I really wanted to like this book, I promise. It had a really interesting world I was dying to explore. It had so much potential, that with the underdog hero on a quest to find his place in the world…

 

Unfortunately, even with all those things going for it, this book fell flat to me. I finished it, but I had to force myself to do so, and if it wasn’t an advanced reader copy I was reading for a review, I would have dropped it.

 

You see, despite all the potential the story was just so… boring.

 

The protagonist rages against prejudice and how his compatriots see him, but he does it in a very subdued, passive kind of way. And it’s hard to sympathize with him too much because despite some mistreatments, he is still the Crown Prince and Heir to the Throne.
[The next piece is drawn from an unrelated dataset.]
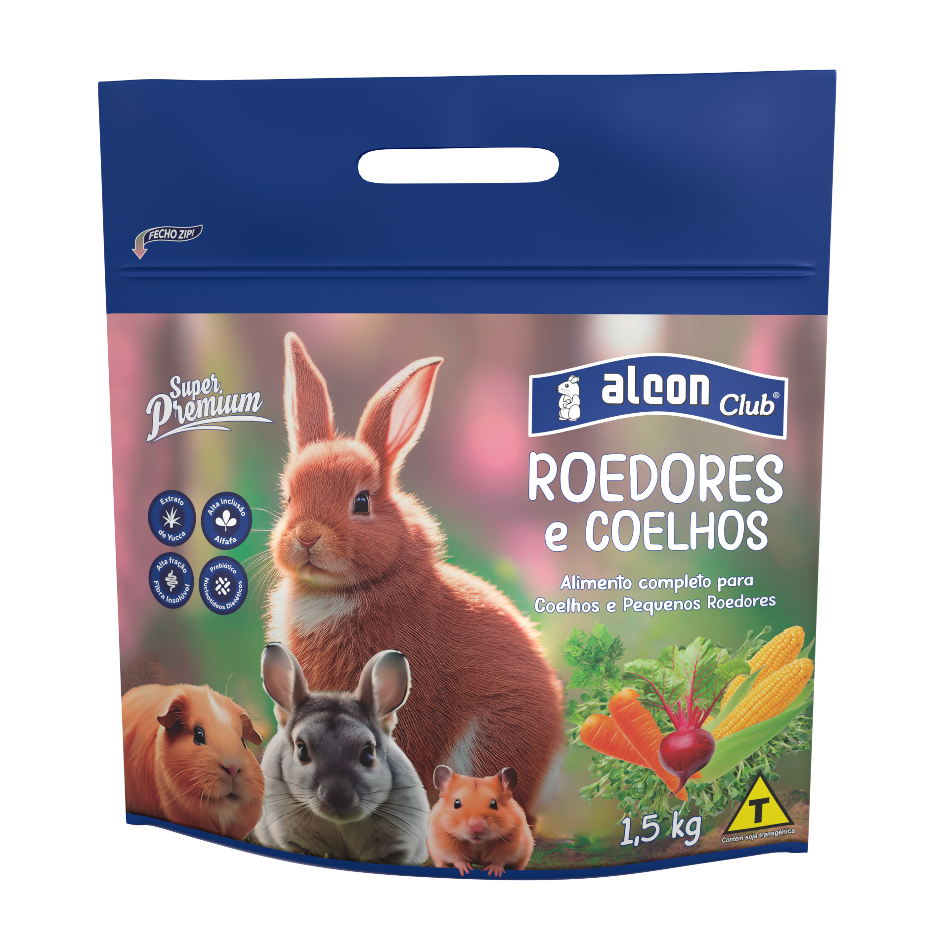 Alcon Club Roedores e Coelhos Super Premium é um alimento completo, cientificamente elaborado para suprir as necessidades nutricionais e energéticas de Mini Coelhos, Coelhos de companhia e pequenos roedores, como Porquinho da Índia, Chinchila, Hamster, Gerbil, e Topolino, durante a fase de manutenção. Sua composição diversificada, livre de corantes, palatabilizantes e aromatizantes, apresenta vegetais como alfafa, cenoura e beterraba, e uma cuidadosa seleção de outros ingredientes que conferem ao alimento excelente palatabilidade e digestibilidade. Além de apresentar alta inclusão de fibra, é enriquecido com vitamina C, nucleotídeos, prebiótico e extrato de Yucca.

Then he sets off on this journey to discover his destiny and his place in the world, but his attitude towards this whole deal is so lukewarm that it doesn’t touch the reader either. If Jathen doesn’t really care much about his travels, why should the reader care?

 

I think the reason for my inability to empathize with the protagonist is the lack of stakes. There are no driving forces in Jathen’s life that push him to do what he does. Yes, his position as Heir is threatened, but it’s never a life or death situation. Besides, he himself isn’t even sure if he wants to sit on the throne someday. So him leaving on that journey is more of a spur of the moment decision than a need. And this lack of urgency, this lack of personal stakes, is what kills this story for me.

 

That and just how uninterested in the world Jathen seems to be. He is given a book that might contain major clues as to who his father might have been, yet he barely skims it when he gets bored. He is given a puzzle but doesn’t give it more than a passing glance and doesn’t even dig deeper when the solution seems too easy. He passes by cities and people with only passing curiosity for anything that isn’t architectural. It’s hard to care about a world and companions that the protagonist doesn’t care about himself.

 

My other problem with this book is that the dialogues seem overly long but actually rather uninformative. By the end of the book I had the feeling that everyone knew who Jathen really was, but nobody would actually tell him anything. They alluded, they spoke in riddles, but never actually gave him and the reader anything. It works alright in the first part of the book, but it gets old really fast. And gets really frustrating when none of those questions were answered by the end of the book. I get it that it’s the first in a series, but even then the reader needed some resolution after sticking with the story for almost 500 pages.

 

That’s the final problem I have with this book. It’s too long. Oh, I have read books that were 500 and even 1000 pages long (Songs of Ice and Fire comes to mind) and didn’t even see the time fly by because every page kept me immerged in the story. Unfortunately, this is not the case with Way Walkers. I feel like the book could have been cut in half without any harm to the story. There is a lot of exposition and infodump disguised as dialogue between Jathen and different characters which made Jathen seem very ignorant of the world he lives in. Surely the Heir to the Tazu throne would have had classes on history, politics and customs of the different nations he would have to interact with? That makes the explanations sound even more tedious because the readers know they are for their benefit only.

 

All this to say that I was disappointed in this book. It had such potential and the world truly seems rich in history and substance. Unfortunately, I don’t feel the desire to drudge through the next book to find out more about it though.

 

PS. I received an advanced reader copy of this book via NetGalley in exchange for an honest review.